SOURCE MATERIAL.

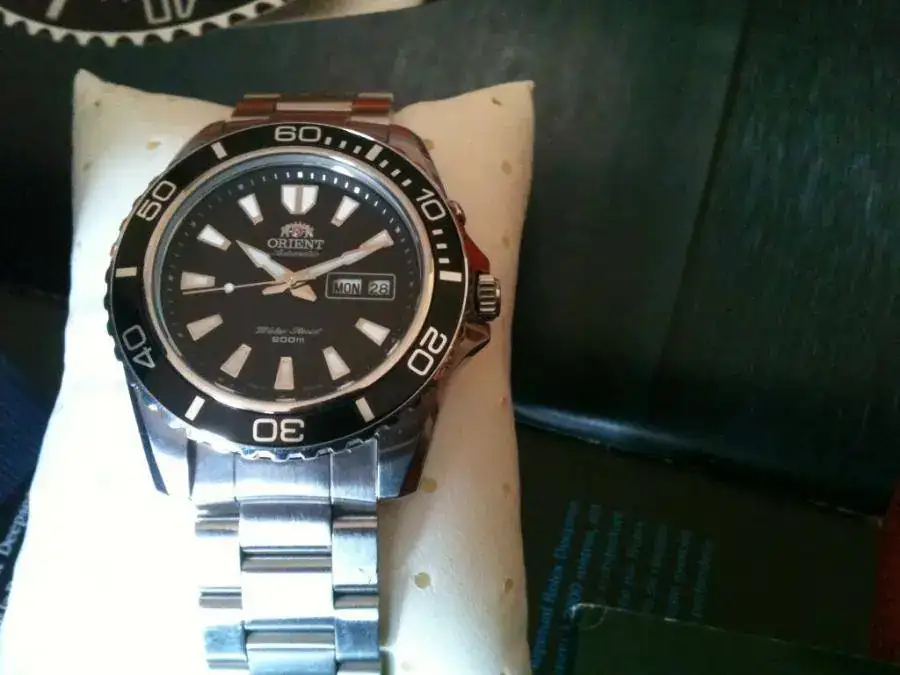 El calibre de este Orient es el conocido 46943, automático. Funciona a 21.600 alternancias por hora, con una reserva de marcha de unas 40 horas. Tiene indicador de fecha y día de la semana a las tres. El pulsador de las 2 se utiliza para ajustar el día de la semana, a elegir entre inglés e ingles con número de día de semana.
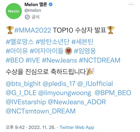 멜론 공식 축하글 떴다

* * *

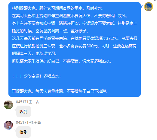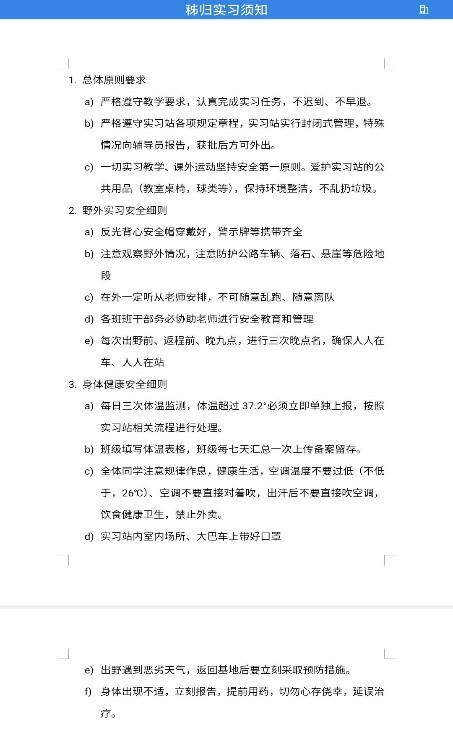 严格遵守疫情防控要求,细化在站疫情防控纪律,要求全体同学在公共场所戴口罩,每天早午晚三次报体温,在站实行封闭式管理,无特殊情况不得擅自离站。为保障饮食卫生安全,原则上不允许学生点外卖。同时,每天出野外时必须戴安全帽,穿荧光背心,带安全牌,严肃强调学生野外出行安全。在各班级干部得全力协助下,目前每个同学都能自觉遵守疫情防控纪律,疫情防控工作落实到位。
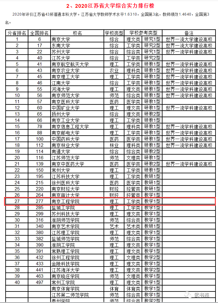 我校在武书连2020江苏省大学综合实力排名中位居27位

PROBLEM DESCRIPTION.
Print an exact copy of the lines above, from the one containing "严格遵守疫情防控要求,细化在" through the one containing "我校在武书连2020江苏省大学综合实力排名中位居27位", and leave out the pictures.

WRITTEN ANSWER.
 严格遵守疫情防控要求,细化在站疫情防控纪律,要求全体同学在公共场所戴口罩,每天早午晚三次报体温,在站实行封闭式管理,无特殊情况不得擅自离站。为保障饮食卫生安全,原则上不允许学生点外卖。同时,每天出野外时必须戴安全帽,穿荧光背心,带安全牌,严肃强调学生野外出行安全。在各班级干部得全力协助下,目前每个同学都能自觉遵守疫情防控纪律,疫情防控工作落实到位。
 我校在武书连2020江苏省大学综合实力排名中位居27位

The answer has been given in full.